Part 2 emerges from the previous section’s consideration of eschatological hope by shifting the focus of the book to the subject of time and its relation to the news. Bilbro’s contention is straightforward: “If we want to learn how to read the news Christianly, we’ll have to learn to tell time Christianly” (p. 67). He offers us two ways of telling time that help us navigate the tension of being “in the world but not of it”: Kairos and Chronos. “Kairos refers to propitious time, time that is right for a certain act … rhythmic, cyclical, seasonal” (p. 67). Chronos names the other form time takes: a “quantifiable duration … linear and sequential” (p. 67). All too often, we collapse the two modes of time, leading “to an over-emphasis on current events” (p. 69). Bilbro cites Erich Auerbach when he argues that this collapsing of Kairos time into Chronos time teaches the reader of the news to “‘account to himself for his real life and his place in human society’ according to the chronos-bound, historical narrative of the daily news” (p. 81).
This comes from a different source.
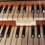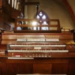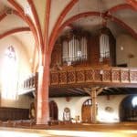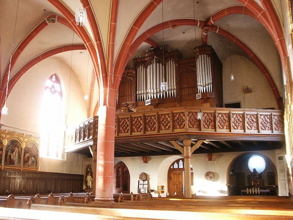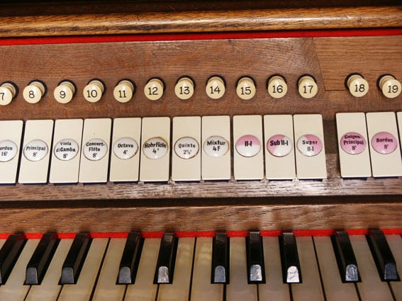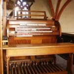 | I. Hauptwerk: Bordun 16 Principal 8 Viola di Gamba 8 Concertflöte 8 Octave 4 Rohrflöte 4 Quinte 2 2/3 Mixtur 4 fach (4′) – 1956 |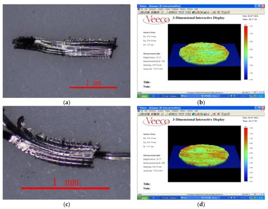 In this chapter, the influence of cutting factors is ignored when the relationship between cutting force, chip morphology and surface quality is studied, and only cutting force is used as the influencing factor. It can be seen from Figure 10a–h that the degree of chip sawtooth generated during the cutting process becomes larger and larger with the gradual increase in the cutting force, and the chip burr becomes sharper and sharper. In addition, the bottom part of the chip is relatively flat, and the other surface is sawtooth shape. It can be seen from Figure 10a that when the cutting force is low, the cutting speed at this time is relatively low, the shape of the chip is band-like, and the upper part of the chip has no clear saw teeth. However, when the machining speed increases, the serration of the chips becomes more and more serious, as shown in Figure 10c,e,g. This is because the shear force on the shear slip surface will increase sharply with the increase in the cutting speed, which will make the shear deformation on the shear slip surface more and more concentrated. Shear slip on the shear plane is also increasing, so chip serrations are also becoming more pronounced.

Instead, Christians need to remember that “time is systolated around and in the person of Christ, and the meaning of our daily lives and affairs becomes determined by their relation to this person” (p. 96). We do this as individuals and as communities by developing habits and liturgies that structure our days and weeks around Christ. Doing so “orients us to his story and equips us to fit the news of our day into the redemptive pattern of his life and work” not vice-versa (p. 112).

Part 3, on the theme of “belonging,” is a reflection on the communal aspects of reading the news. Reading the news is a communal event insofar as reading the news situates us to understand ourselves as a part of a community—the community to which the events of the news unfold. But contemporary news can be a false substitute for real community: “perhaps” suggests Bilbro, “it is because we are lonely and detached from our places that we put such outsized importance on the news of the day” (p. 129). We look for the news to offer us a people and a place –things we’ve lost in the “atomized swarm” of secular modernity (pp. 126–32). What we need as we read the news are “liturgies of belonging” that anchor us to our neighbors and to our local churches within which we can attend to the news together. Doing so does “not seek to flatten the public sphere but to foster rich, vibrant, lively communities of discourse” (p. 156).

Reading the Times is an excellent and much needed book. I’ve already recommended it to many in my parish, to pastor friends of mine who labor alongside me in the work of the gospel in Hawaii, and I commend it here too. For all those who have felt the sense of cautious concern over the nature of news consumption in our families, parishes, and communities but could never quite articulate exactly where that suspicion came from, this book offers an explanation rooted in Christian worldview and practice.

For all that, however, the book does have two weaknesses (though they are faults, not failures): First, while the book operates with a very oblique systematic structure—one that is helpful for following Bilbro’s line of argumentation—the structure in several places can become tedious and distracting, as it sometimes sacrifices the flow of his well-written prose in order to remind you what you’ve just read and to prepare you for what you are about to read. That is fine when occasioned by the text itself, but artificially imposed as an arranging mechanism, it can feel obstructive—especially when one is eager to return to the line of argument that had been, just moments earlier, so enthralling.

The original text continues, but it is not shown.